Pride and self-esteem palpable through their beaming smiles and those of their families.

At a graduation ceremony last week I watched graduates accepting honours degrees who had turned up at a further education college five years ago at 16 considering themselves 'non academic.'

Some, to be frank, were a total pain to their lecturers in the first terms, unlikely to stay the course or make the grade.

But, choosing a vocational route, they took learning at a new pace and followed a pathway all the way to degree level without having to leave home and rack up huge debts.

It's a different way of becoming a graduate but not a lesser way.

These graduates in their caps and gowns are beacons of hope to those who don't fit the one-size-fits all comprehensive-to sixth form-to university model.

Not everyone has to take the A level sixth form route to put letters after their name.

The vocational route - qualifications designed with employers - is a route not shouted about enough.

Whatever the feelings about sweaty shifty Nick Griffin's appearance on Question Time, personally the saddest moment for me was explaining to my two children in 2009 what the BNP stood for before he took his place beside politicians as an apparent mainstream party and watching incredulity and upset spread across their faces.

Twenty years, not even a decade ago, would I have believed this even a remote possibility.

It all feels a bit fishy when the Department of Health starts dictating our Christmas lists.

Not content with invading every other area of our lives, Whitehall Mandarins are now setting Father Christmas' agenda for children and adult alike.

It's beginning to feel more like Beijing than Beccles.

The nation would be a better place if we all woke up on Christmas morning to find a Nintendo Wii in our stockings.

The Department of Health is endorsing the Wii Fit and Fit Plus for couch potatoes and Nintendo is putting money into Change4Life. Hope the Government is getting commission to put back into the NHS to deal with all the joint injuries.

They will probably issue a diktat to all get on them at 6.30 am for a nationwide Tokyo-style motivation work out.

I think I'll stick to chasing the dog. is a dating agency reserved for those at the peak of physical perfection to create a spooky 'worldwide community of beauty.'

As the most beautiful people are often the most tiresome, vain, empty, dull and sometimes nasty, dismissive people it should be a community well worth bypassing.

Uglies should not apply. In my experience the less attractive are the kindest, loveliest, most fun to be with people.

Beautiful people are welcome to each other.

Husband balked when reading that our profile ticked the boxes for the most happy marriage and least likely to divorce.

The secret to a happy marriage is as simple as choosing a wife who is smarter than you and at least five years younger with neither with a divorce under their belts, according to academics at the University of Bath.

I'm five years younger than him and, as a university graduate, can boast higher qualifications.

'If we have the secret I pity the poor people who don't,' he said, quite shell-shocked.

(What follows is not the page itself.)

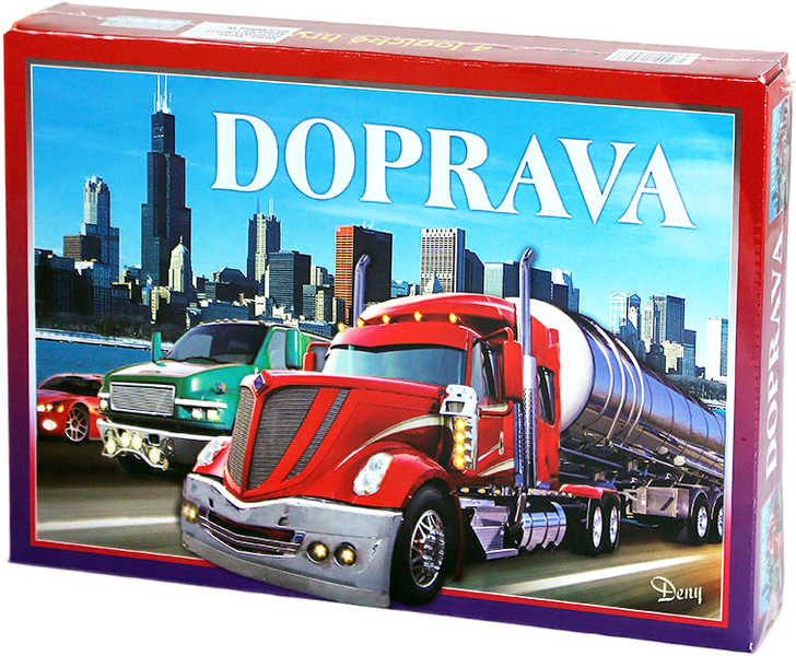 Sobor naučně-logických společenských her – DOPRAVA. Obsahuje součásti pro čtyři stolní hry.
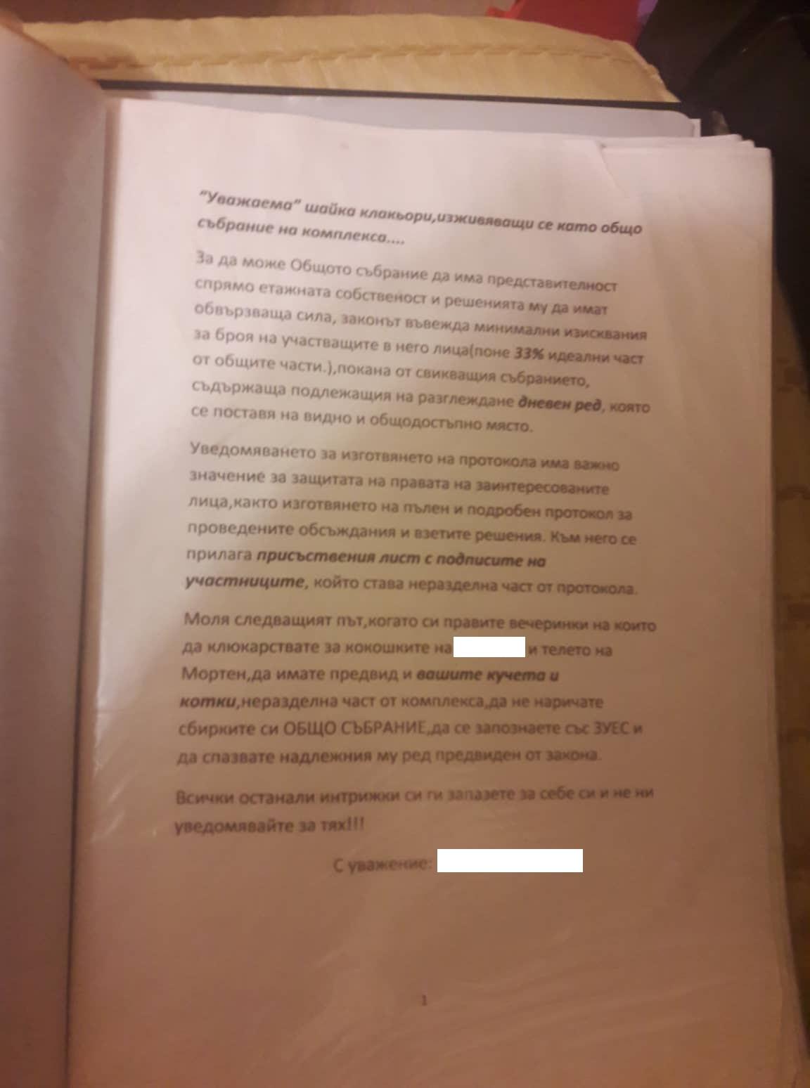 „До януари 2018 година успяхме да изчистим дълга си. Жените, които са свързали с вас, вървят на контра срещу целия комплекс. Не само срещу домоуправителя.“

So seven-year-olds are to get careers advice to encourage them to think of the future.

So in 10 years' time there will be queues of boys wanting to be astronauts, train drivers, inventers and fire-fighters and girls wanting to be princesses, snow queens and vets.

Another misguided use of taxpayers' money.

Day after day we see new images of young men ripped apart by bombs in action in Afghanistan leaving them limbless but never hopeless.

If ever was a year for everyone to wear a poppy to display solidarity and put money their way it is this year.

And every school should set aside half a day for every age group to explain exactly what the poppy symbolises and what the appeal means and just what the armed forces sacrifice.

Typical man.

Affronted that his act Danyl was in the X-Factor sing-off, Simon Cowell turned his anger on the women for spending too much time in front of the mirror.

Instead of dealing with his frustration, he summoned Cheryl Cole and Danni Minogue to remind them it was a talent not a fashion show and ordered them, in future, to be preened and ready 30 minutes before curtain up.

His outburst will ring true with many a wife.